- **Work instructions**: Extract precisely the lines that run from the line containing "Tapéta Geometrikus mintázat" to the end of the records below, with both ends included and pictures omitted.

- **Records shown**:

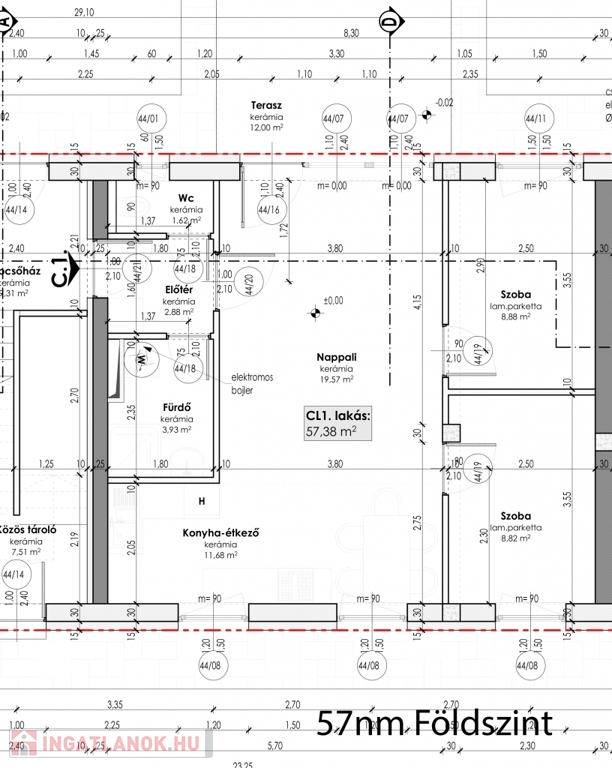 Terasz, Erkély: 3 m²-es, az emeleti lakáshoz tartozó, terasz a földszinti lakásokhoz.
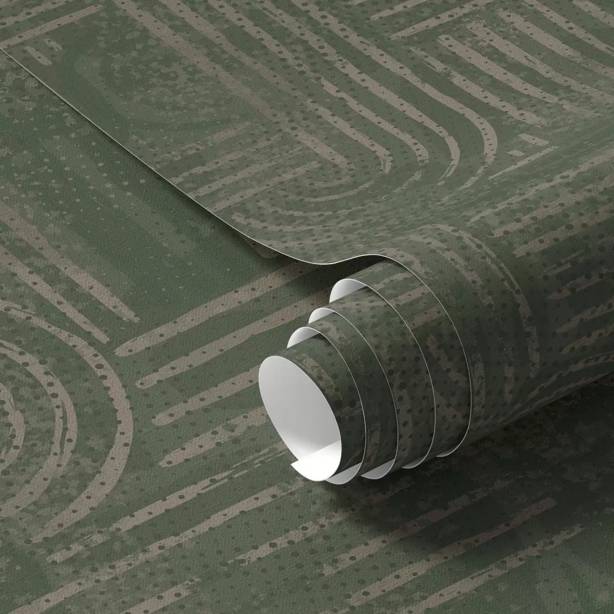 Tapéta Geometrikus mintázat íves elemekkel, zöld színpalettával Nr. a00697
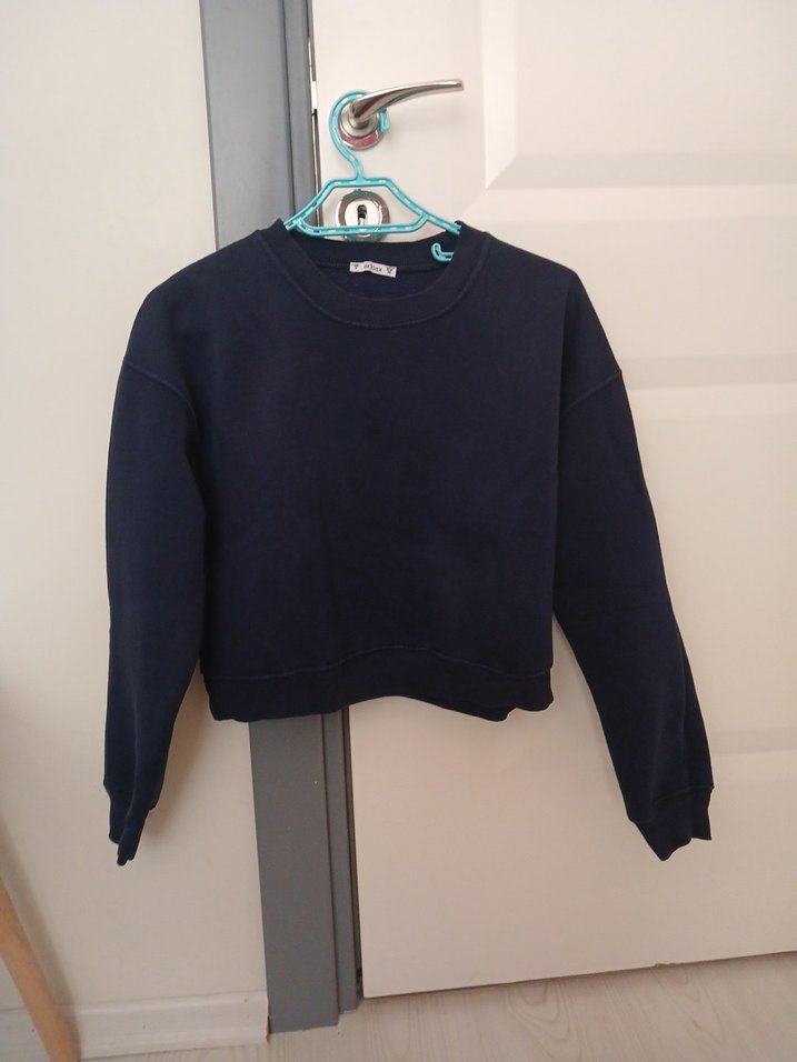 Lacivert renkli, yuvarlak yaka ve uzun kollu, rahat kesimli sweatshirt. Yumuşak ve sıcak kumaştan, minimalist sokak stili için uygundur.
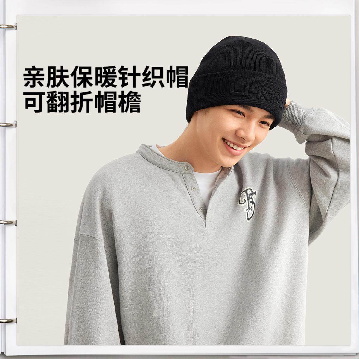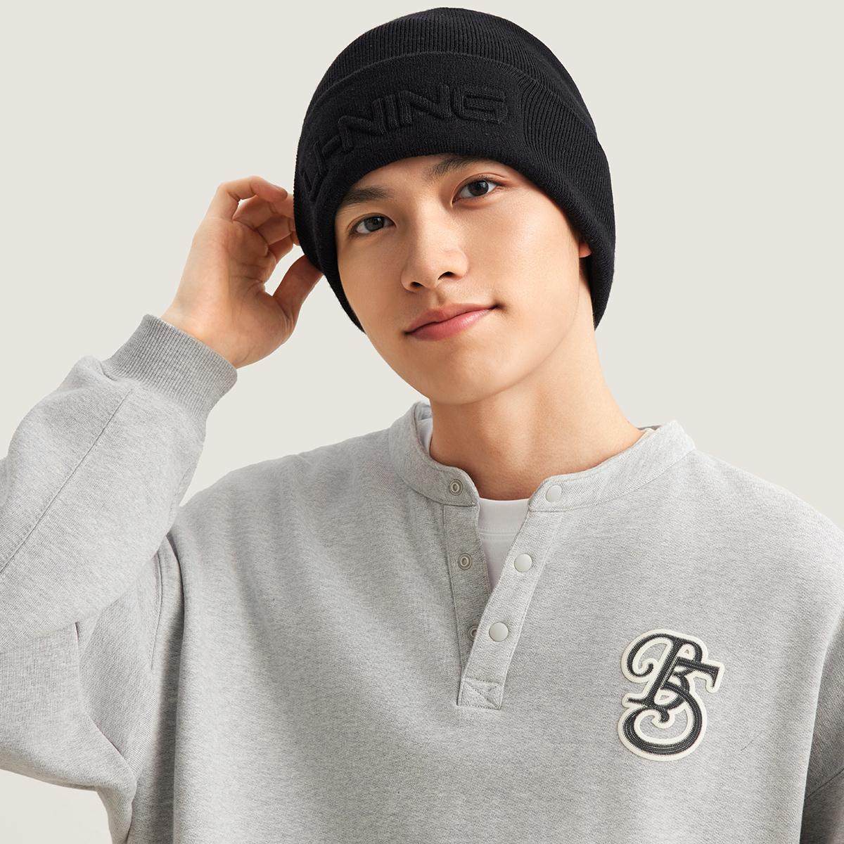 李宁正品运动生活系列男女同款时尚简约休闲保暖绒线帽AMZV033
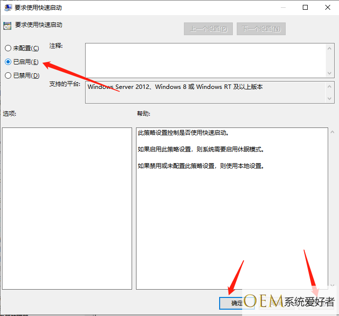 4、选择“已启用”,然后依次点击“应用—确定”重启电脑即可。
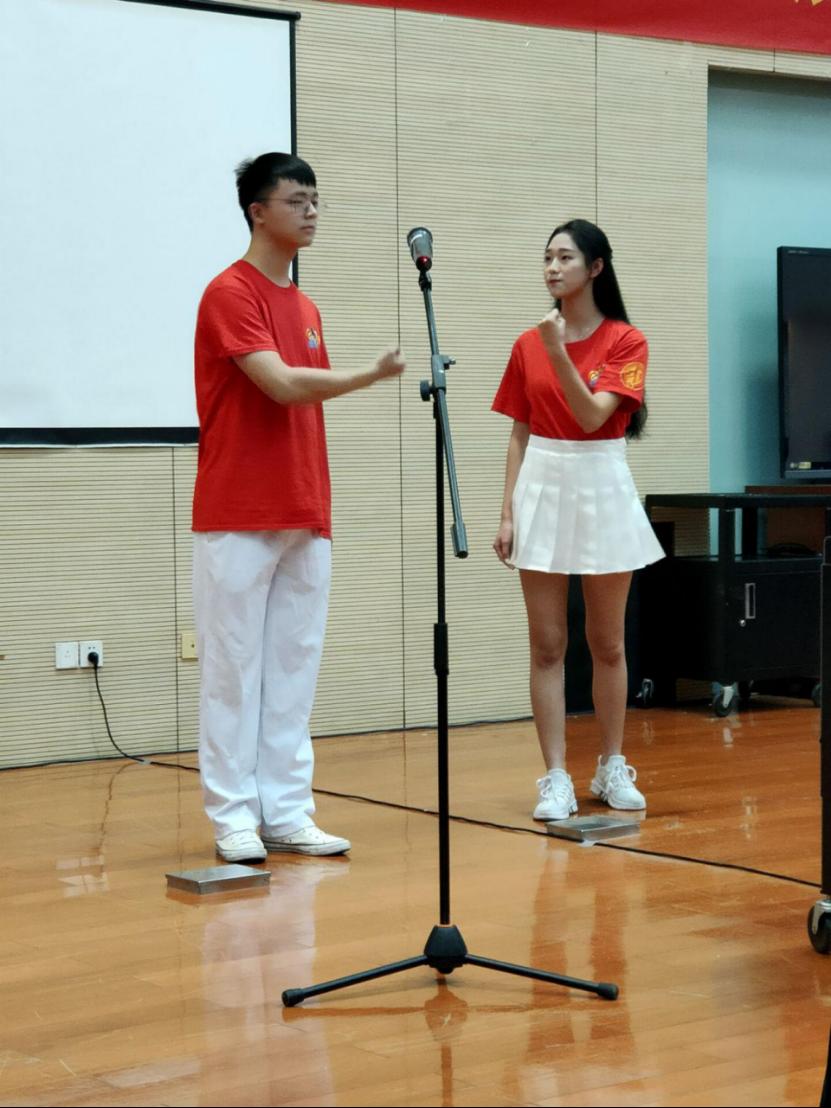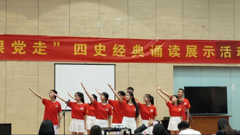 我院《党旗颂》诵读,演绎形式多样,演绎者精神饱满、感情真挚,将动作、朗诵和背景音乐三者合一。在背景音乐出错的时刻“临危不乱”,在话筒收声不佳的状况中表现更优,这不仅体现了我院学子高超的诵读水平,更表达了我院学生对国、对党深切的热爱。

- **Result below**:
 Tapéta Geometrikus mintázat íves elemekkel, zöld színpalettával Nr. a00697
 Lacivert renkli, yuvarlak yaka ve uzun kollu, rahat kesimli sweatshirt. Yumuşak ve sıcak kumaştan, minimalist sokak stili için uygundur.
 李宁正品运动生活系列男女同款时尚简约休闲保暖绒线帽AMZV033
 4、选择“已启用”,然后依次点击“应用—确定”重启电脑即可。
 我院《党旗颂》诵读,演绎形式多样,演绎者精神饱满、感情真挚,将动作、朗诵和背景音乐三者合一。在背景音乐出错的时刻“临危不乱”,在话筒收声不佳的状况中表现更优,这不仅体现了我院学子高超的诵读水平,更表达了我院学生对国、对党深切的热爱。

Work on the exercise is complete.